Note: This article was originally titled ‘Bear Market Stocks: The Dividend Investors Guide’. It has been expanded and updated.
Table Of Contents
– What Is A Bear Market?
– Is Another Bear Market Ahead?
– The Mindset Needed To Beat Bear Markets
– Recession-Resistant Industries
– Bear Market Stock to Buy: Wal-Mart Stores, Inc. (NYSE:WMT)
– Bear Market Stock to Buy: Johnson & Johnson (NYSE:JNJ)
– Bear Market Stock to Buy: General Mills, Inc. (NYSE:GIS)
What Is A Bear Market?
The name ‘bear market’ invokes fear, and for good reason. Market-wide stock declines are called ‘bear markets’.
What is a bear market? Investopedia defines a bear market as:
A market condition in which the prices of securities are falling, and widespread pessimism causes the negative sentiment to be self-sustaining. As investors anticipate losses in a bear market and selling continues, pessimism only grows. Although figures can vary, for many, a downturn of 20% or more in multiple broad market indexes, such as the Dow Jones Industrial Average or Standard & Poor’s 500 Index, over at least a two-month period, is considered an entry into a bear market.
The 20% decline threshold is what differentiates a bear market form a merepullback or market correction.
– Pullback: Market loss of 0% to 10%
– Correction: Market loss of 10% to 20%
– Bear Market: Market Loss of 20% or more
Bear markets send shivers down the spines of timid investors… And for good reason. Seeing the value of your stocks falling is unnerving.
There is however a silver-lining (silver fur?) to bear markets.

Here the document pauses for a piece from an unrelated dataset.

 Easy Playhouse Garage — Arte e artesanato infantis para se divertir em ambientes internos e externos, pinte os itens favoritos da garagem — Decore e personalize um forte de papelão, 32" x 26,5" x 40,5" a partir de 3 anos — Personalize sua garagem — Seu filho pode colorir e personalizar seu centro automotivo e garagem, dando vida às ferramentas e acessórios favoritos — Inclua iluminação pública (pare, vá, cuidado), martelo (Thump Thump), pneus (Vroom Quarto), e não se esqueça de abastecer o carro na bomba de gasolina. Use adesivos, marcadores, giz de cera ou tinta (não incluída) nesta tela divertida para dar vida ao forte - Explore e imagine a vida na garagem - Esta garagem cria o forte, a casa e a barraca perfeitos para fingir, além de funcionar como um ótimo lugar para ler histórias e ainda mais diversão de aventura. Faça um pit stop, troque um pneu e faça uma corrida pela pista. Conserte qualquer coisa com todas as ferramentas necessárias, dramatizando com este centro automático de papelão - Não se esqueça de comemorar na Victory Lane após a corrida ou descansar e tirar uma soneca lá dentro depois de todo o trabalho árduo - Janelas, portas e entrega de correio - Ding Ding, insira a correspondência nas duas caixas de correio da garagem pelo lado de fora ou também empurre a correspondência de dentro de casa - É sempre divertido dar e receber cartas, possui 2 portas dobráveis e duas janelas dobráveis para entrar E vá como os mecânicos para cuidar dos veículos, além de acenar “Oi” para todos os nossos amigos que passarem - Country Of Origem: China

Bear Markets provide investors with opportunities to buy stocks at bargain prices.
Dividend investors in particular should be happy to see bear markets. The lower stock prices go, the greater dividend yield new purchases will have.
Higher dividend yields mean a shorter dividend payback period. Your investments will pay you more when purchased in a bear market.
What stocks you purchase before a bear market matters. If you invest in high quality businesses that are likely to pay rising dividends through the bear market, then you will feel confident in your portfolio. You can also reinvest those dividends into stocks that have seen their prices fall significantly.
Here’s an example of the type of bargains available during recessions…
AFLAC Incorporated (NYSE:AFL) stock briefly traded for dividend yields over 7% during 2009. The stock currently has a 2.4% dividend yield. Aflac stock looks cheap at current prices. Click here for detailed Aflac analysis. You can imagine how much of a steal the stock was when it yielded more than 7%.
This article examines bear markets in detail and provides 3 high quality dividend growth investment ideas to recession-proof your portfolio.
The reason there are only 3 is because markets are fairly pricey today. Most high quality businesses are currently overpriced. The 3 examined in this article all excel during recessions and are trading at fair or better prices today.
We are currently in the midst of a 6+ year bull market. The last bear market ended in March of 2009. Are we do for another bear market soon?
Is Another Bear Market Ahead?
The short answer to this question is yes.
There will always be another bear market. I am not certain of many things. I am certain that there will be another recession.
In 1929 (just before the Great Depression) economist Irving Fisher said the stock market had reached “Permanently high plateau”. He was wrong. The business cycle will not stop.
When the next recession will occur is another question entirely.
I don’t believe anyone can know exactly when a recession will occur. The economy (and the stock market) is a complex dynamic system. It is not predictable.
While it is impossible to know exactly when a recession will occur, we can analyze history to see if we are in a time period that has a higher probability of a recession occurring in the near future.
The first sign we are due for a recession is the high valuation of the stock market. The historical average price-to-earnings ratio of the S&P 500 is 15.6. It is currently trading for a price-to-earnings ratio of 22.0.
The stock market needs to decline by about 30% to reach its historical average. There is one caveat to this simple price-to-earnings analysis: interest rates are near historical lows.